Dominique Rolin est née le 22 mai 1913 à Ixelles. Son père était bibliothécaire. Sa mère, Esther, parisienne,enseignait la diction.Un frère est né en 1915 et une soeur en 1918. Les trois enfants ont grandi dans un climat familial peu commun dont les traces apparaissent dans plusieurs romans.

Très jeune, Dominique Rolin inventait des histoires qu'elle transcrivait et illustrait. Adolescente, elle fait des études de bibliothécaire et de dessin. Elle est engagée à la bibliothèque de l'Université libre de Bruxelles où elle restera dix ans.

Elle a vingt et un ans quand une revue publie l'un de ses récits. En 1937, elle se marie et, l'an d'après, donne le jour à une petite fille, Christine (la Ma-Ta présente dans plusieurs romans). Elle achève "Les marais", en 1942 les Éditions Denoël.
En 1946 elle va s'installer à Paris où paraît déjà son troisième livre. Désormais, elle ne cessera plus d'écrire et ses romans seront édités à la cadence presque immuable d'un tous les deux ans.

En 1952, elle remporte le Prix Femina avec Le souffle. Ce succès lui permet d'acquérir une vaste propriété à une quarantaine de kilomètres de Paris. Elle s'y installe avec sa fille Christine et Bernard Milleret, qu'elle épouse en 1955, devenant ainsi française. En 1957, elle remporte le prix Lugné-Poe avec une pièce, "L'épouvantail". Bernard Milleret meurt en mars de cette année-là. Dominique Rolin en est cruellement blessée. Trop seule dans sa résidence campagnarde, elle revend sa maison et se réinstalle à Paris. Elle siège au jury du prix Femina.
Dès 1965, sort "Le for intérieur".

Dominique Rolin quitte en 1963 le jury du Femina et devient membre de celui du prix Roger Nimier. En 1967 avec "Maintenant", premier d'une série de neuf romans aussi étonnants par leurs qualités formelles que par la profondeur parfois austère de l'introspection à laquelle leur auteur va systématiquement se livrer. Dominique Rolin publie aussi, en 1978, un roman «hors-série» qui présente toutefois les traits caractéristiques et bien connus de son écriture. C'est "L'enragé", une biographie romancée de Breughel l'Ancien qui lui vaudra, à Bruxelles, le prix Franz Hellens.
En 1980,elle obtient le prix Kleber Haedens. En 1988, elle est élue comme membre étranger à l'Académie royale de Langue et de Littérature françaises, pour succéder à Marguerite Yourcenar. Elle y est accueillie le 22 avril 1989.



      Deux femmes un soir

Désorientée, ma fille! Elle estime qu'elle s'est laissé avoir par un afflux de sentiments standard. Elle ne maîtrise plus la situation et ça la gêne, elle se demande comment en sortir, la pauvre petite chérie. Mon strict devoir de mère est de lui rendre sa sérénité, une sérénité qui se refuse à la fatalité des effusions.
Je veux l'aider. Je vais l'aider. Je l'aide. Fions-nous aux corps. L'âme et le cœur sont des facteurs incontrôlés de décomposition. La preuve: elle a pris son air frileux rétréci. Alors, moi: «Que penses-tu de ma prothèse dentaire?»

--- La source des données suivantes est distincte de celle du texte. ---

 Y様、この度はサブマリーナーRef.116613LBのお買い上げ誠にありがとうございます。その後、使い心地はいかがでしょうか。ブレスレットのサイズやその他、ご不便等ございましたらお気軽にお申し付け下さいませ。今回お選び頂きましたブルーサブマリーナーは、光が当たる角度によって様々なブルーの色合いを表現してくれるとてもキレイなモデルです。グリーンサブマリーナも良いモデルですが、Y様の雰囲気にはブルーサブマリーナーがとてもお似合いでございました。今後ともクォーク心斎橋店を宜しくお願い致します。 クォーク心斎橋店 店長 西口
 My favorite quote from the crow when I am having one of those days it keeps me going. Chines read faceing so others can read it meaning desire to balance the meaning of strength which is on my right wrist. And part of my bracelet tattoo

Bravo. «Prothèse» la remet dans le droit chemin, elle redevient toute rose avec une touche de lumière au sommet des joues. Soyons honnête: j'ai failli me laisser avoir aussi. Ouf. «Superbe», me dit-elle dans un joli soupir.
Pour consolider mes défenses je lui raconte une fois de plus mes rendez-vous chez le stomatologue et comment il cisaillait, fouillait, vissait, etc. D'habitude elle se rebiffe. Pas ce soir. Douce mais ardente, elle écoute. «Rincez-vous», m'ordonnait le bonhomme aussi bienveillant que taciturne.
Enfin planté l'appareil, il avait seulement grogné «fa-bu-leux» puis «somptueux» pour glisser un peu de poésie dans nos rapports. En fait il s'adressait à ma bouche plutôt qu'à moi. Pourquoi choisir cette spécialisation ignoble?

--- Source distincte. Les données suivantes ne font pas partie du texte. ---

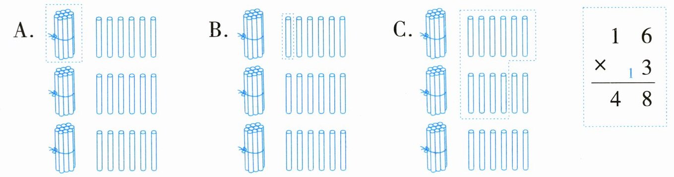 $\begin{array}{r}1\ 6 \\×\ \ \ 3 \\\hline4\ 8 \\\end{array}$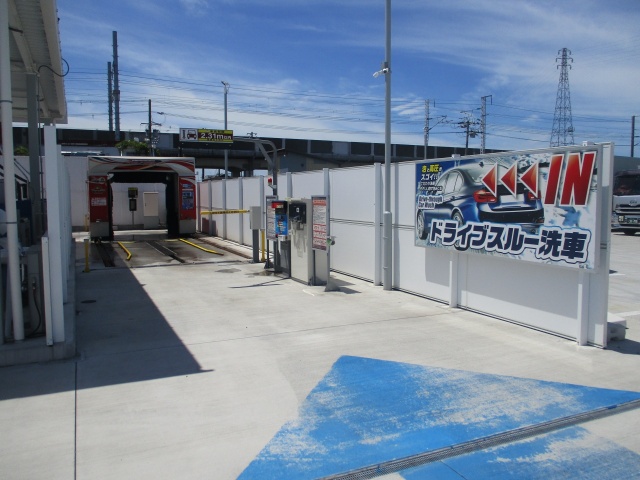 当店は最新型のスポンジブラシタイプのドライブスルー洗車機がございます。コーティング施工車専用のコースがございますので、お気軽にお使いいただけます。 拭き上げコーナーには地域唯一の屋根がついており、さらに掃除機と拭き上げタオルまで完備しておりますので、心ゆくまでお車を綺麗にしていただけます!
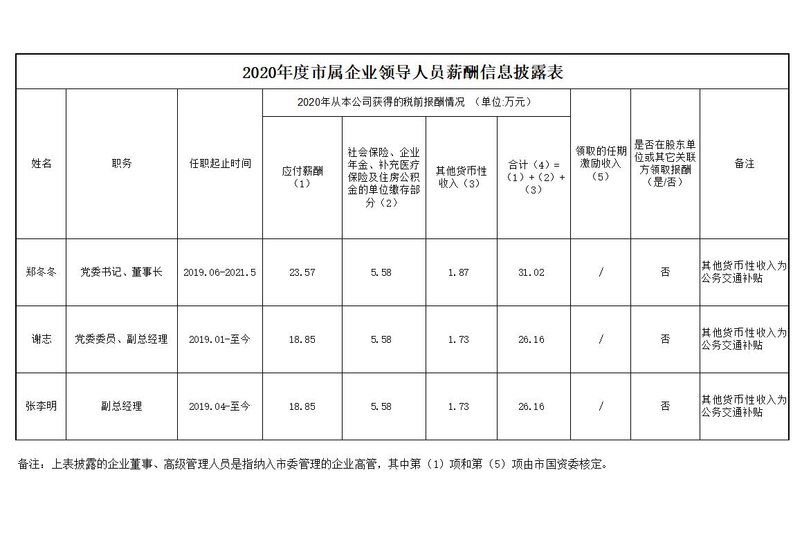2020年度滁州市興滁礦業(yè)投資有限公司領導人員薪酬信息披露表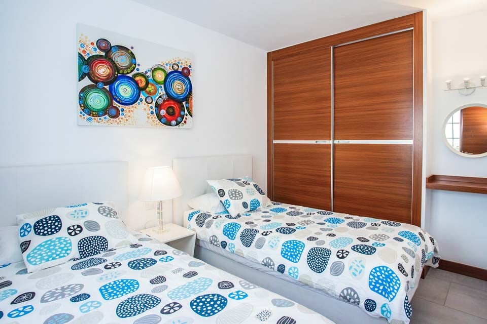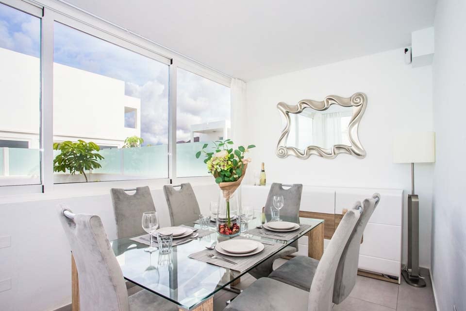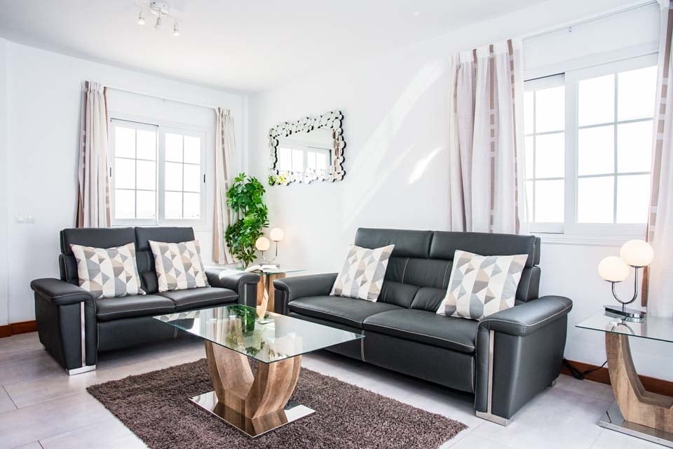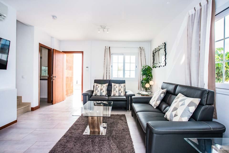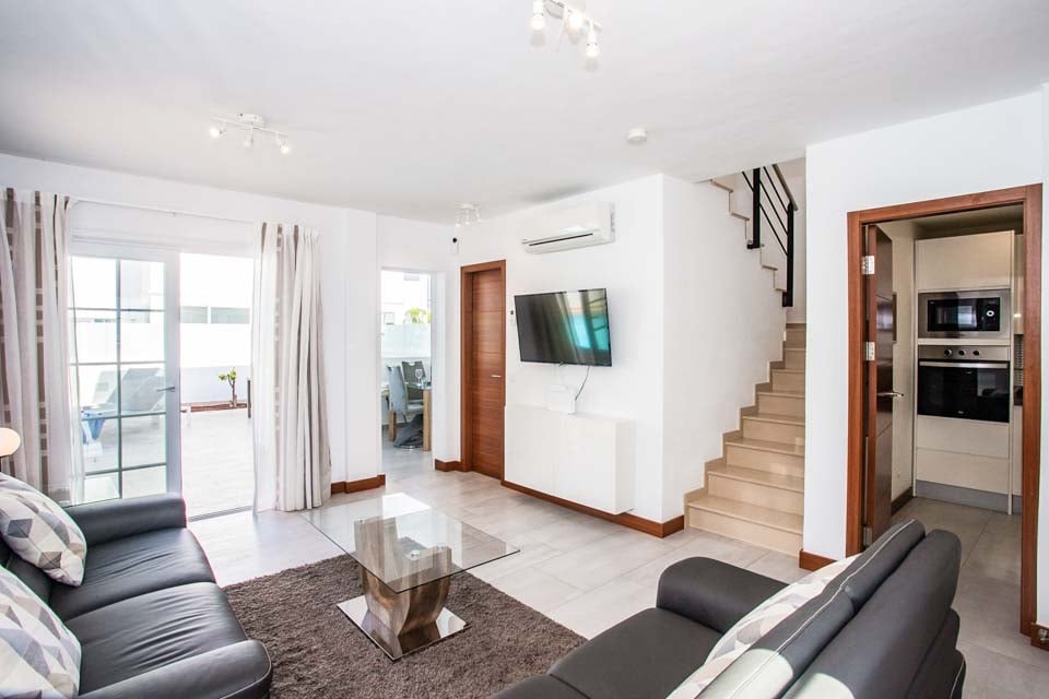Denne smukke, moderne og hyggelige villa med to soveværelser er ideel til op til fire gæster. Denne villa er rummelig både ovenpå og nedenunder og har alt, hvad du kan forvente af en ferie med selvhusholdning i solen. Stueetagen tilbyder et fuldt udstyret køkken, bryggers, stue og spisestue til dine indendørs måltider. Ovenpå finder vi to hyggelige soveværelser, begge med et lille tv og kølig aircondition til de varme sommeraftener.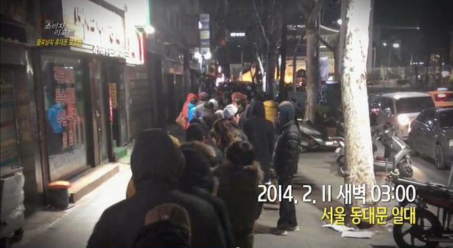 14년 2월 11일 기습적으로 핸드폰을 싸게 판매했을 때 그 가격에 구입하기 위한 고객님들 사진입니다.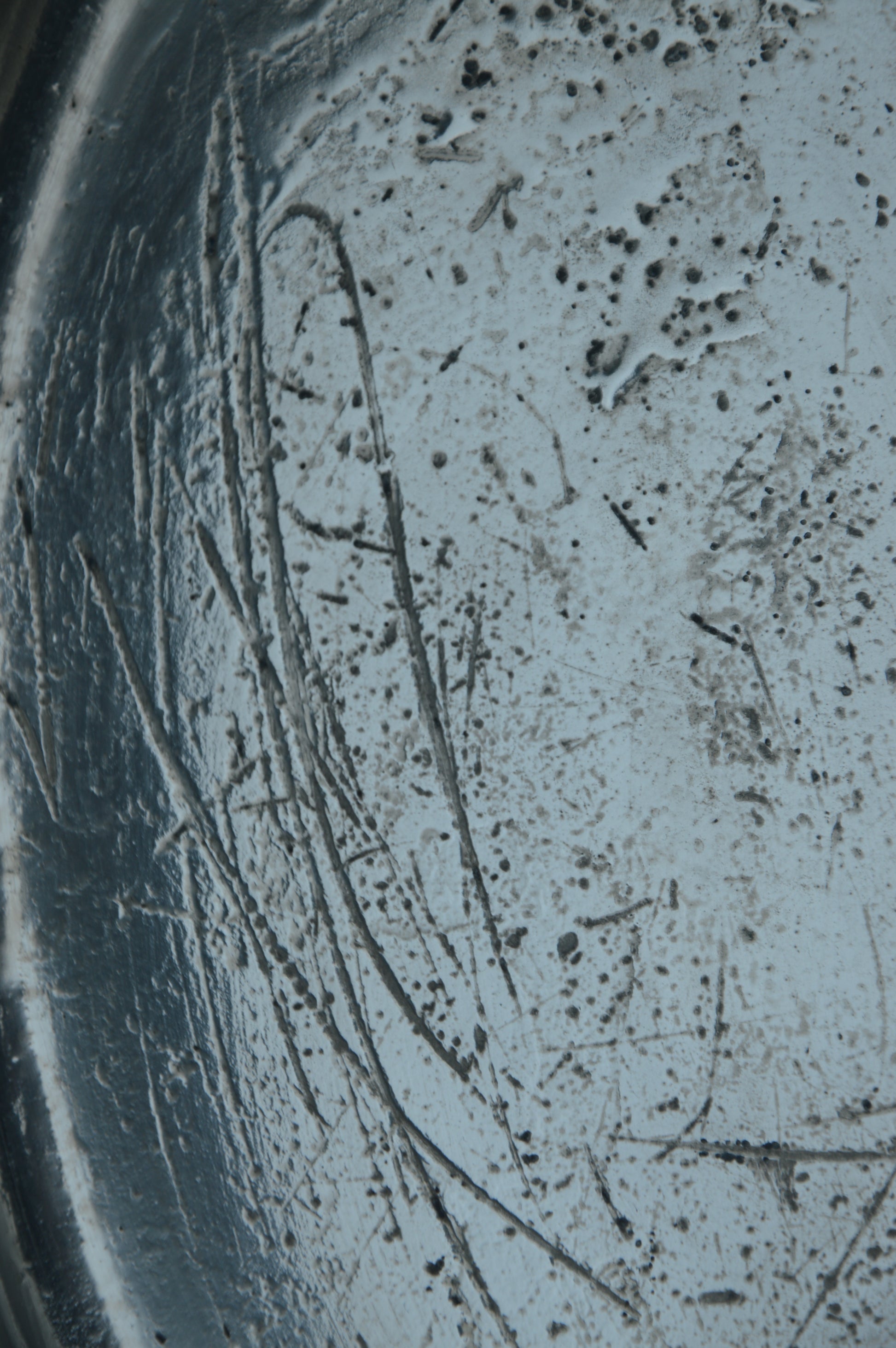This has some interior issues. There are considerable scratches on the base from heavy use in a commercial kitchen, the new hand wiped tin has been applied thickly over this area.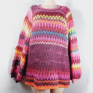 Free People Women's Multicolor Castle In The Sky Rainbow Oversized Sweater Sz S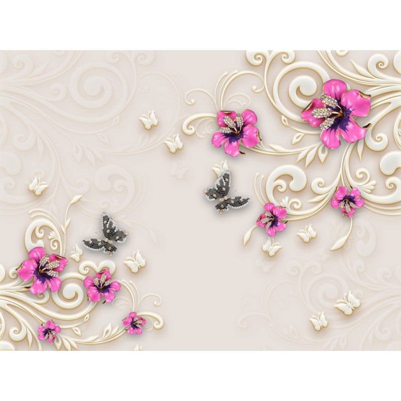 Теги: цветы, букет, лилии, бабочки, 3D, графика, узор
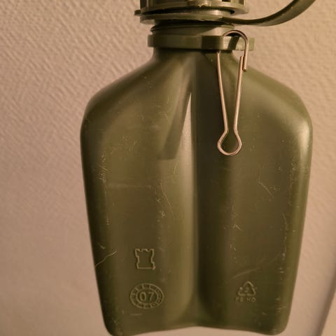 Kohtalaisessa kunnossa oleva armeijan 1L pullo

Par vocation, sans doute, commente ma fille. Ça y est, je la tiens. Il n'y a plus qu'à conclure: le stomato est un aventurier des profondeurs, il s' intéresse à nos grottes miniatures pour y satisfaire son instinct d' agression. Tous les hommes sont des violeurs en puissance.

Je la tiens si bien, ma petite, qu'elle étouffe de rire. Maintenant elle sait que nous avons crevé le mur cadastral séparant nos terrains, elle est rassurée, l'air libre qui commence à nous fouetter annonce d' intéressantes prospections, des repos ombragés dans les creux avec une infinité de saveurs, senteurs, tacts, plaisirs et lassitudes. Moi, provocante: «Mademoiselle Shadow Memory, es-tu vraiment ma fille? - Oui et non, madame Constance A.»